Data to examine>
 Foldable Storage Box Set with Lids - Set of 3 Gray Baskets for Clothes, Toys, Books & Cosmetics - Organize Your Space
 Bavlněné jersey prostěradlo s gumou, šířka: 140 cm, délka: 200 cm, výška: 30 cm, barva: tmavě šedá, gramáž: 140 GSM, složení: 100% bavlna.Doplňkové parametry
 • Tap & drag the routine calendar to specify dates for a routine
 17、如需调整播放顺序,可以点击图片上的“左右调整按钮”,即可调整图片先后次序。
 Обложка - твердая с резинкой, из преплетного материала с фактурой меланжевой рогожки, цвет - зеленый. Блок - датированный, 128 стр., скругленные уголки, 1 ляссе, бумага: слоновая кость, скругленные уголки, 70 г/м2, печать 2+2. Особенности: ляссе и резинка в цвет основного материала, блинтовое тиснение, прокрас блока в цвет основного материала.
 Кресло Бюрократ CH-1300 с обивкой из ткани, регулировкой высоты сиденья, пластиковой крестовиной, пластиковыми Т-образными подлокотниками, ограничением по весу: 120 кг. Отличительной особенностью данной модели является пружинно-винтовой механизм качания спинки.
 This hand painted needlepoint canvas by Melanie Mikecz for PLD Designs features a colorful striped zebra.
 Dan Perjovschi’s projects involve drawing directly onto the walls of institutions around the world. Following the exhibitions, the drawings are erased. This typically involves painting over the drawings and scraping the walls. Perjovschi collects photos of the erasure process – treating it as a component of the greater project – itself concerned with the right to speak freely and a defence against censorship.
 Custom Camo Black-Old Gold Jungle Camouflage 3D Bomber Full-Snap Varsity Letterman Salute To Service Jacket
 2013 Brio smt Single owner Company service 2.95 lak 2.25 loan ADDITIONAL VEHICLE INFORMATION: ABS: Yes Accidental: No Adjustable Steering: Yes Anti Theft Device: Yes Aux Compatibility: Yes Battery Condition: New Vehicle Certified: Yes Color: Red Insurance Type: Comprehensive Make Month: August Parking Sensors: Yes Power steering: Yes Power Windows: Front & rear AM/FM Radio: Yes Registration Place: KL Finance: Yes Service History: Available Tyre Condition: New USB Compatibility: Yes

Exercise goal> From the line containing "Custom Camo Black-Old" to the last line of the listing, write everything out exactly. Nothing outside that stretch belongs.

Task response>
 Custom Camo Black-Old Gold Jungle Camouflage 3D Bomber Full-Snap Varsity Letterman Salute To Service Jacket
 2013 Brio smt Single owner Company service 2.95 lak 2.25 loan ADDITIONAL VEHICLE INFORMATION: ABS: Yes Accidental: No Adjustable Steering: Yes Anti Theft Device: Yes Aux Compatibility: Yes Battery Condition: New Vehicle Certified: Yes Color: Red Insurance Type: Comprehensive Make Month: August Parking Sensors: Yes Power steering: Yes Power Windows: Front & rear AM/FM Radio: Yes Registration Place: KL Finance: Yes Service History: Available Tyre Condition: New USB Compatibility: Yes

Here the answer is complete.